だが、彼は非常に態度が悪い選手で、私の集合がかかっているにもかかわらず、ずっと一人でボールを蹴っていたり、人の話を聞かないでおしゃべりばかりしていたり、ゲーム中、腹が立った相手選手に対して、危険なファールをしたりとなかなかの問題児だった。
さらには、練習中に腹が減ったからといって汚いグラウンドに置いてあるパンを勝手に食べにいったりもしていた。これには正直驚いた。

しかし、そんな彼は2年目に入ってからはもの凄いリーダーシップを発揮してくれている。
ウォーミングアップではチームの先頭に立ち、指示を出し、新しく入ってきた選手に対しては丁寧に練習メニューを教えたりしている。さらには「Heal the World FC」の女子メンバーに対しても、ステップの仕方やキックの技術を積極的に指導していたりもした。

「うわぁ、こいつ頼もしい!!!成長しているやん!!」

と感心していた、その日の午後のトレーニング(エチオピアは学校が午前と午後の2シフト制なので私の指導回数は一日2回ある)、学校にいるはずのアダネがグラウンドにいた。私の顔見た瞬間隠れたアダネ・・・。
捕まえて話を聞くと「頭が痛い」と言って早退し、グラウンドに遊びに来ていたらしい。
その後、彼がどうなったかは想像におまかせします。


続いてデッシーは、エチオピアの英雄ハイレ・G・セラシエに顔が似ているちょっとおっさん顔の高校生で、去年は技術的にもチームの中のキャラクター的にもそれほど目立った選手ではなかった。

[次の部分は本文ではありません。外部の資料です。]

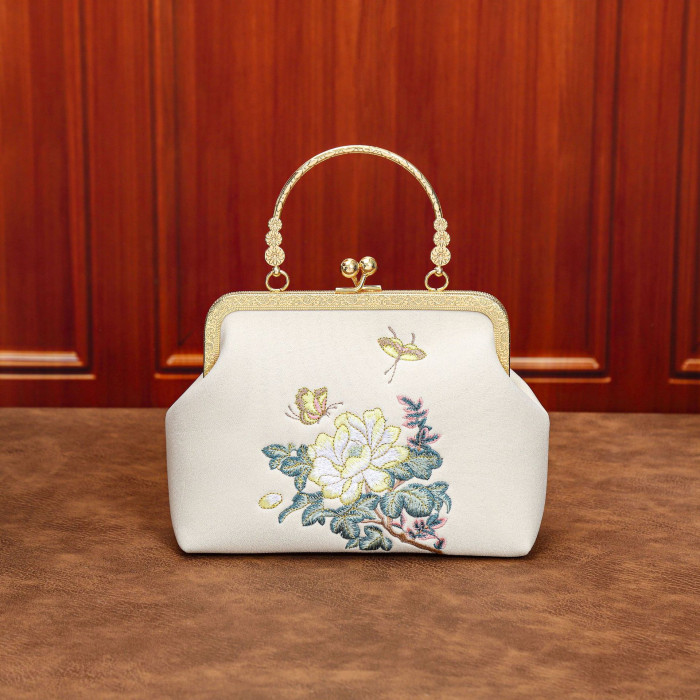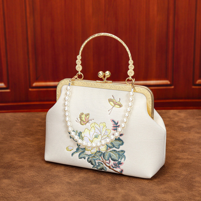 女包高級感輕奢刺綉風旗袍包新中式錦緞斜後背包文藝鏈條女包包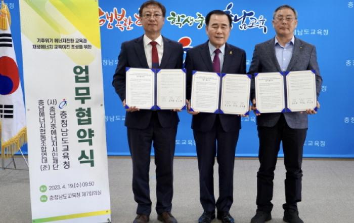 충남교육청은 19일 ㈔충남기후에너지시민재단, 충남에너지협동조합연대와 에너지 절약과 재생에너지 생산·활용, 에너지 전환교육을 확대해나간다. 이번 협약에 참여한 3개 기관(단체)은 ▲탈석탄, 재생에너지 확대, 에너지 전환을 위한 교육 및 프로그램 개발·보급(강사 및 환

しかし、彼の長所として出席率がかなり高く常に練習には参加していた。

そんな彼も、2年目に入った今年からかなりのリーダーシップを発揮している。
今年に入って学校でも私の受け持ちのクラスの生徒であるデッシーは、最近気づいたことだが、勉強もよくできる。頭がいいからなのか、私との付き合いが長いからなのか、よく私のことを理解している。
「私が求めているもの」「私が嫌いなこと」「私が怒る内容」などなど。
おもしろいことに私が「これはちょっと怒らないとアカンな」と思った瞬間、デッシーが先に注意し、私の激怒を上手いこと逃れている。
彼がチームメイトに指示を出し、リーダーシップを発揮するため練習がスムーズになっているのも事実である。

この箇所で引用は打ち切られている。